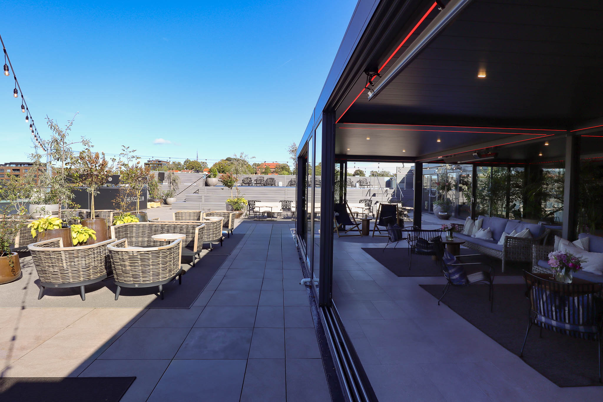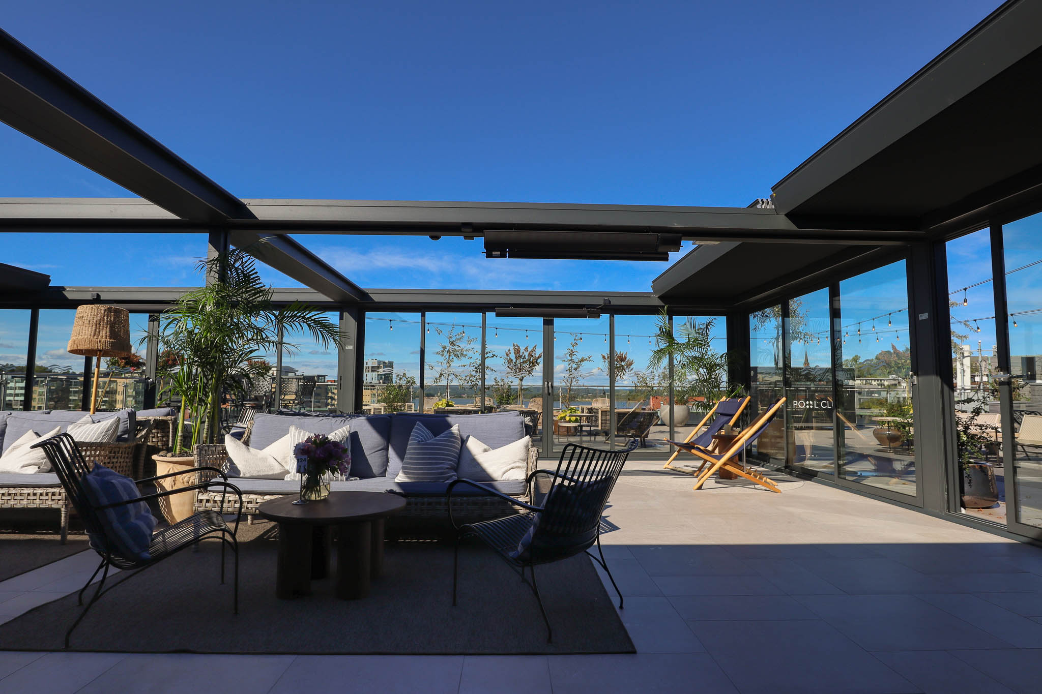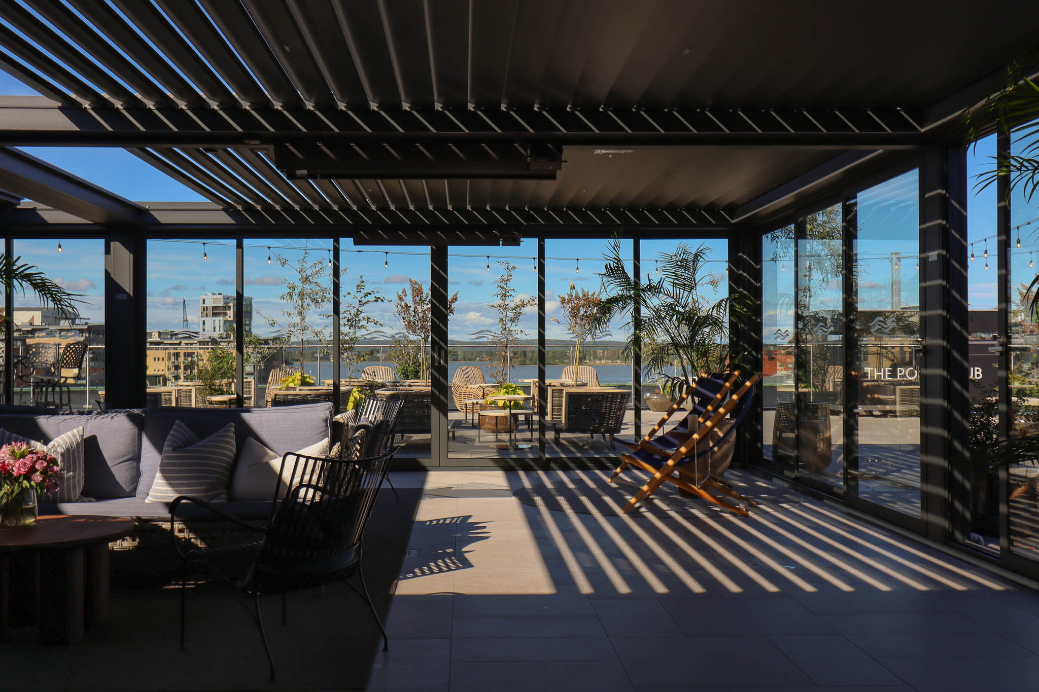 På taket av Quality Hotel Tønsberg finner du The Pool Club, et fantastisk sted hvor gjestene kan nyte en spektakulær utsikt over Tønsberg mens de slapper av i komfortable solsenger eller tar seg en svømmetur i bassenget. Her har vi levert og installert fire Brera pergolaer fra vår italienske leverandør Pratic. Disse pergolaene har et innovativt lamelltak hvor man enten kan åpne delvis opp lamellene ved å snu på dem, eller om man ønsker kan også hele taket trekkes tilbake for å gi total åpenhet. Lamellene kan justeres for å gi optimal beskyttelse mot sol, vind, regn og snø, og skaper en fleksibel løsning som kan tilpasses værforholdene. Pergolaene er lakkert i en av fem standardfarger, og det er LED-lys integrert i rammen rundt på alle fire pergolaene, samt spotter i lamelltaket, noe som skaper en god og lun atmosfære etter solen har gått ned. For å sikre komforten til gjestene, har vi også installert varmelamper av typen NO Glare, som ikke gir noe lys. Disse varmelampene styres av termostat for å oppnå ønsket temperatur, og kan også kontrolleres med fjernkontroller.
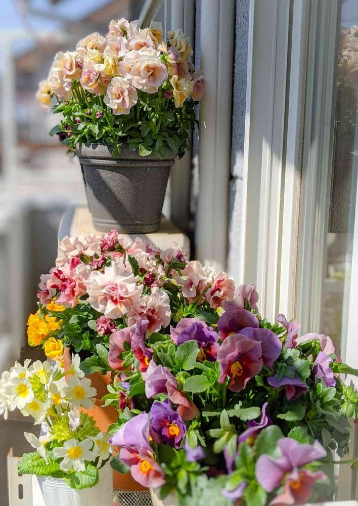 2階はよく☀陽があたるので、パンジーたちがよく咲いています❣️
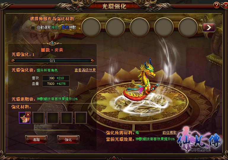 威武霸氣的神獸可不是只能用來觀賞的,神獸系統可以給玩家增加相應的屬性,等階越高的神獸給修仙者加的戰鬥力和自身屬性也相應的越高。不同品種的神獸擁有的絕技、天賦也各不一樣,防禦、攻擊、暴擊等可以根據修仙者的不同需要選擇培養相應的神獸。
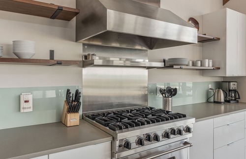 Unit A is the top floor of the duplex. It is the owners' residence for part of the year. It features curved vaulted beams in the main living area and a wall of east-facing glass. There is a large wraparound deck accessible from the living/dining area as well as the primary bedroom. The decks overlook the ocean and a large patio area. The kitchen features a large island with seating for six, Viking professional stainless steel appliances, two dishwashers, two ovens, and a scullery. The private elevator takes you from the ground floor up to the top floor. The deck off of the living room is 12 feet wide and 40 feet long.
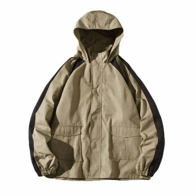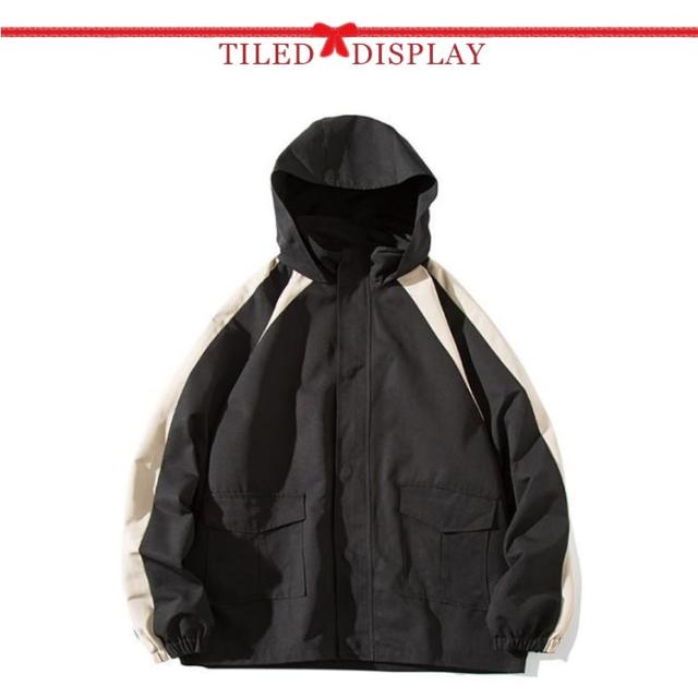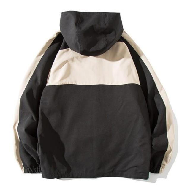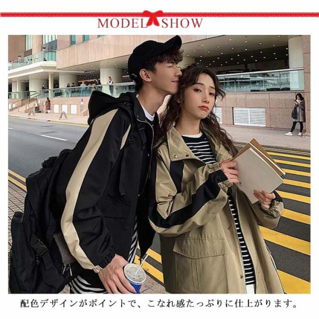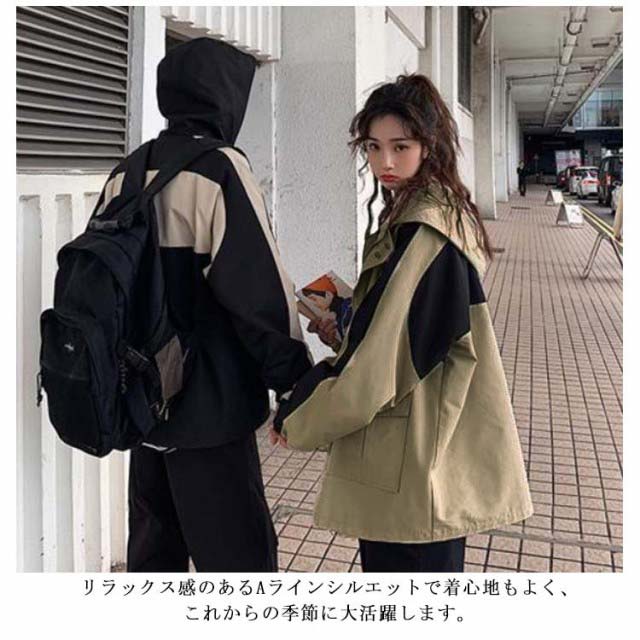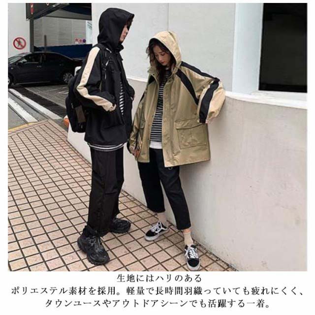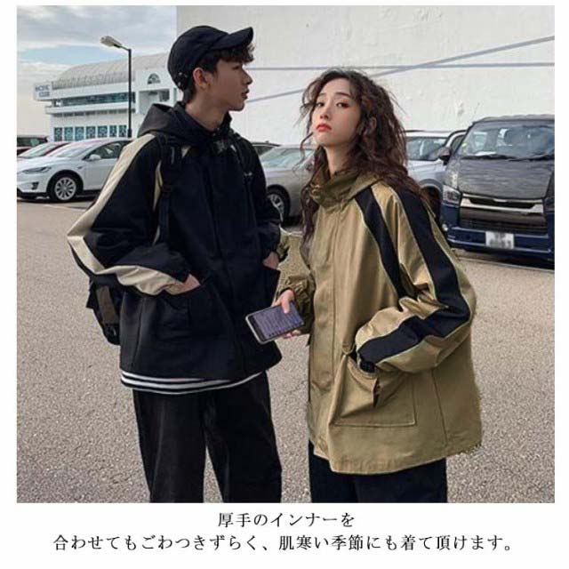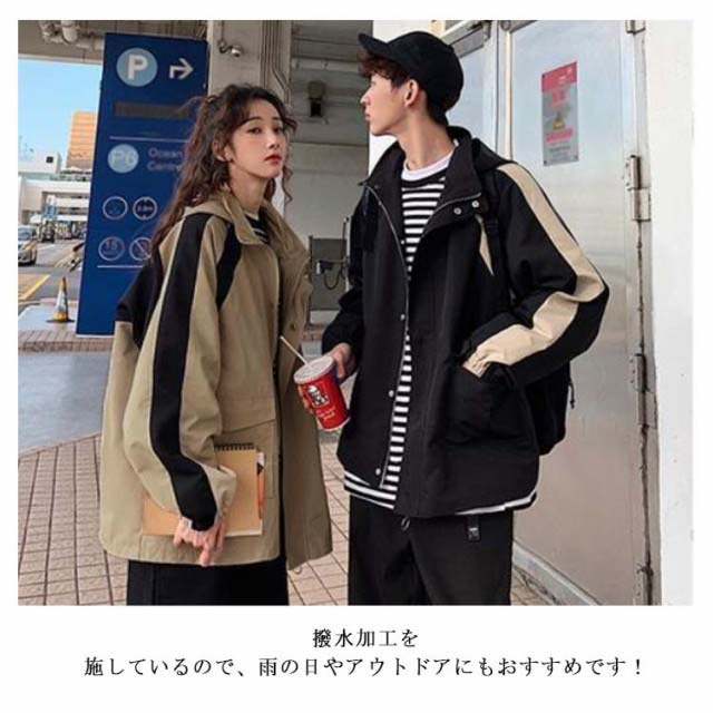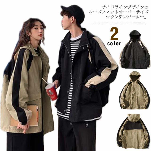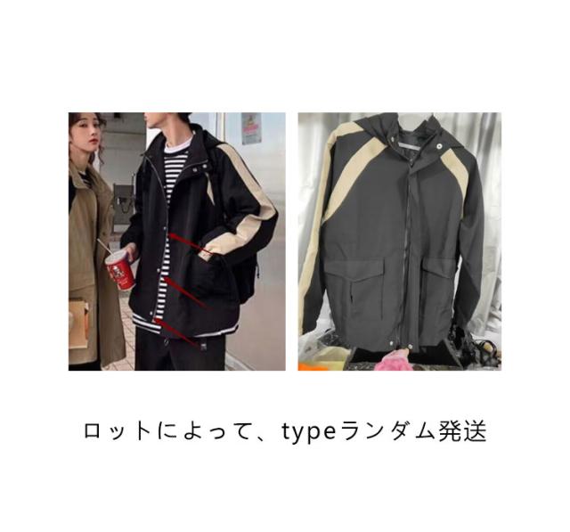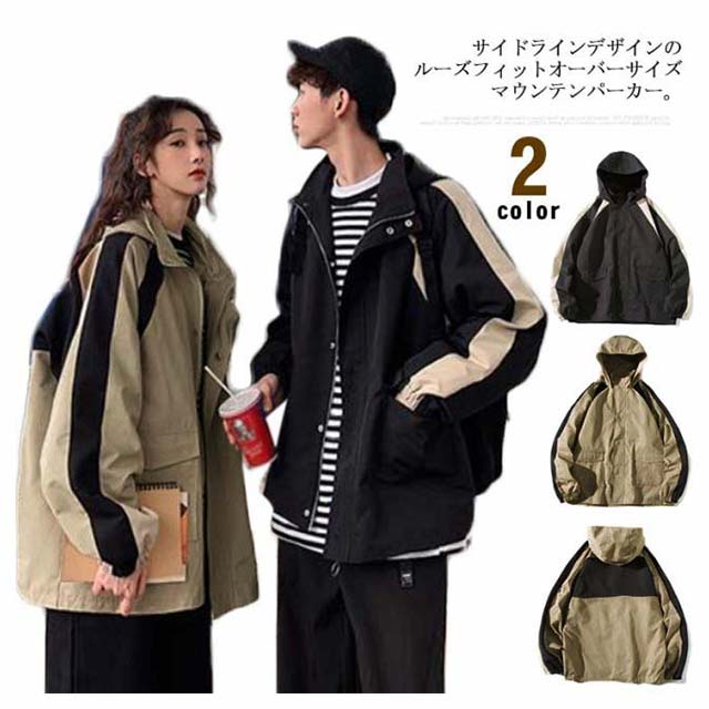 マウンテンパーカー メンズ レディース ブルゾン アウター ライン 配色 フード付き 裏地付き 防風 撥水 薄手 スタンド ライトアウター ゆったり アウトドア キャンプ 登山 ビッグシルエット 大きいサイズ 【送無】

● **Required action**
The lines to return run from the line containing "2階はよく☀陽があたるので、パンジーたちがよく咲いています❣️" through the last line of the records. Give them exactly, omitting pictures.

● **Result of this exercise**
 2階はよく☀陽があたるので、パンジーたちがよく咲いています❣️
 威武霸氣的神獸可不是只能用來觀賞的,神獸系統可以給玩家增加相應的屬性,等階越高的神獸給修仙者加的戰鬥力和自身屬性也相應的越高。不同品種的神獸擁有的絕技、天賦也各不一樣,防禦、攻擊、暴擊等可以根據修仙者的不同需要選擇培養相應的神獸。
 Unit A is the top floor of the duplex. It is the owners' residence for part of the year. It features curved vaulted beams in the main living area and a wall of east-facing glass. There is a large wraparound deck accessible from the living/dining area as well as the primary bedroom. The decks overlook the ocean and a large patio area. The kitchen features a large island with seating for six, Viking professional stainless steel appliances, two dishwashers, two ovens, and a scullery. The private elevator takes you from the ground floor up to the top floor. The deck off of the living room is 12 feet wide and 40 feet long.
 マウンテンパーカー メンズ レディース ブルゾン アウター ライン 配色 フード付き 裏地付き 防風 撥水 薄手 スタンド ライトアウター ゆったり アウトドア キャンプ 登山 ビッグシルエット 大きいサイズ 【送無】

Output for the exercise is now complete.